WHAT THIS TASK INVOLVES
Once the pictures are set aside, copy the data below exactly as it stands.
****
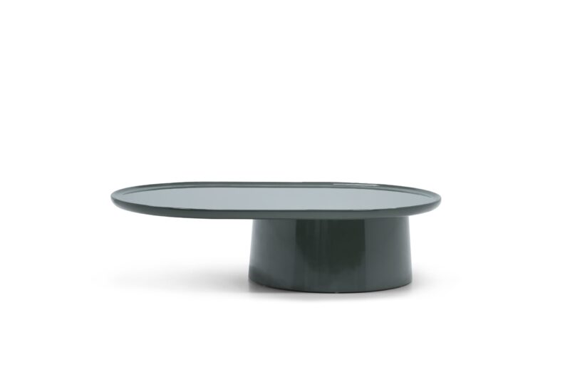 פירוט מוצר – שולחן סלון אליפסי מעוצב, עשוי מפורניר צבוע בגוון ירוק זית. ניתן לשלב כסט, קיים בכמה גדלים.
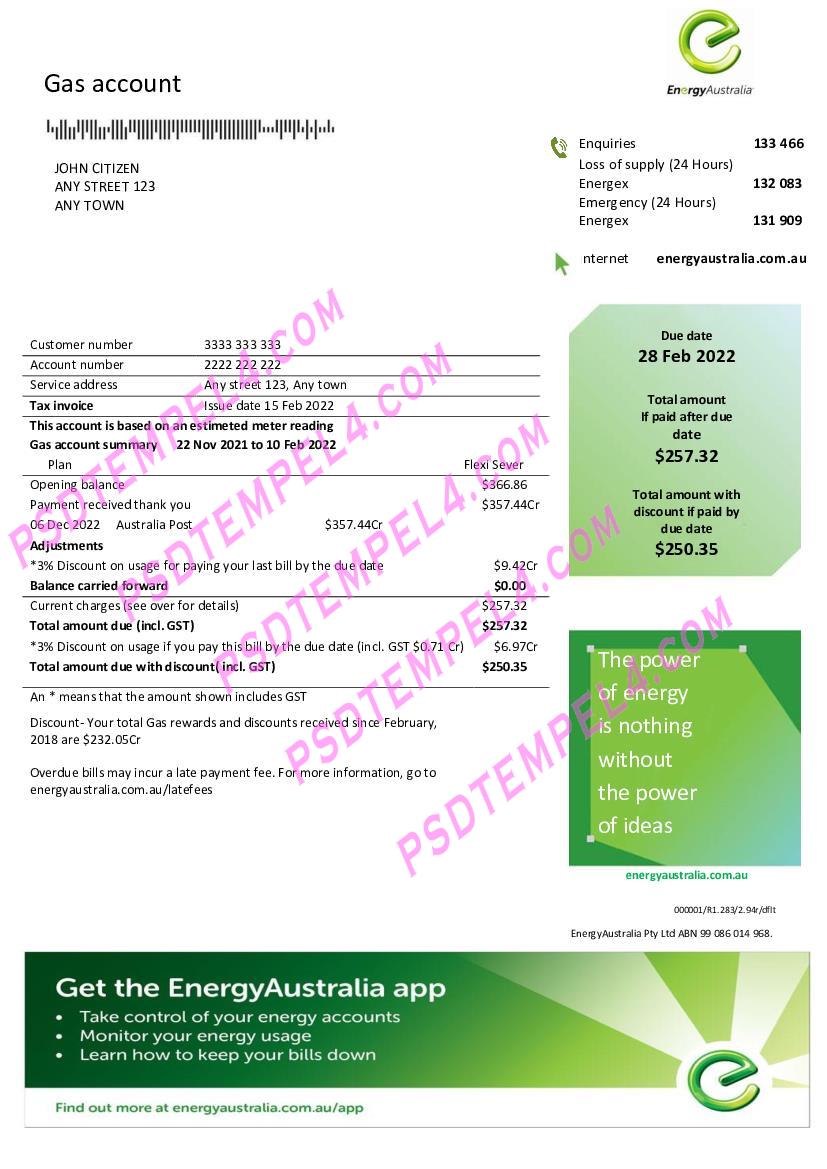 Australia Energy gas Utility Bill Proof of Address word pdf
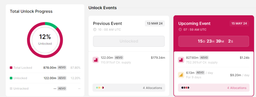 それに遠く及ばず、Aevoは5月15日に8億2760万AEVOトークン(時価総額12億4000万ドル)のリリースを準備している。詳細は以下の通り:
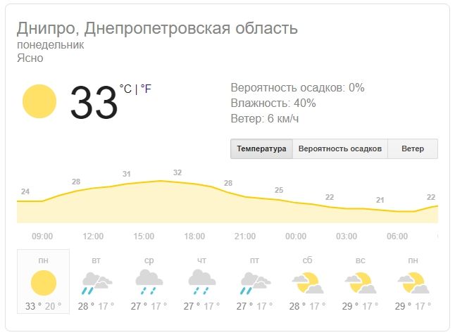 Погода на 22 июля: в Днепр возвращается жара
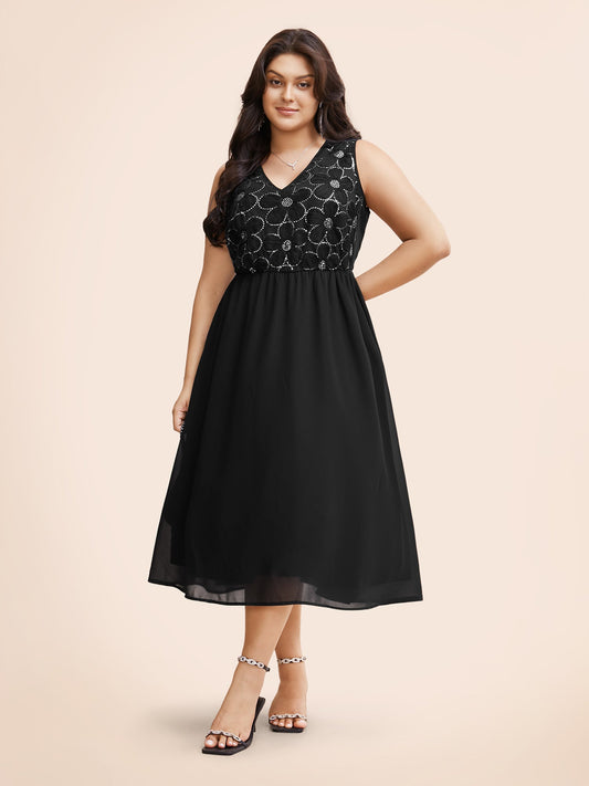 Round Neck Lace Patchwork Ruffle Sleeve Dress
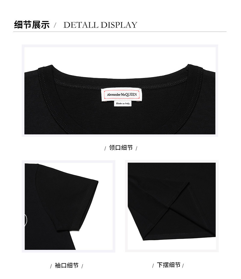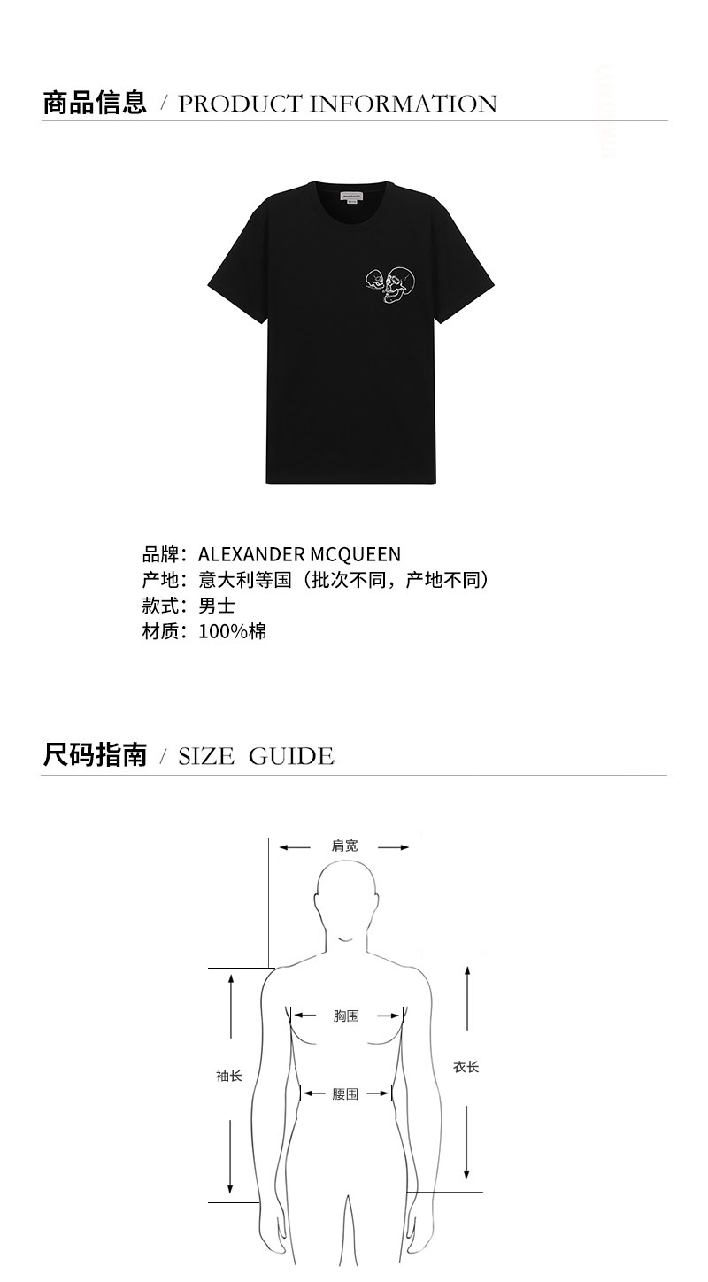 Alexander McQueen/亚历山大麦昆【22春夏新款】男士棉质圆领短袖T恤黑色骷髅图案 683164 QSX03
****
ANSWER
 פירוט מוצר – שולחן סלון אליפסי מעוצב, עשוי מפורניר צבוע בגוון ירוק זית. ניתן לשלב כסט, קיים בכמה גדלים.
 Australia Energy gas Utility Bill Proof of Address word pdf
 それに遠く及ばず、Aevoは5月15日に8億2760万AEVOトークン(時価総額12億4000万ドル)のリリースを準備している。詳細は以下の通り:
 Погода на 22 июля: в Днепр возвращается жара
 Round Neck Lace Patchwork Ruffle Sleeve Dress
 Alexander McQueen/亚历山大麦昆【22春夏新款】男士棉质圆领短袖T恤黑色骷髅图案 683164 QSX03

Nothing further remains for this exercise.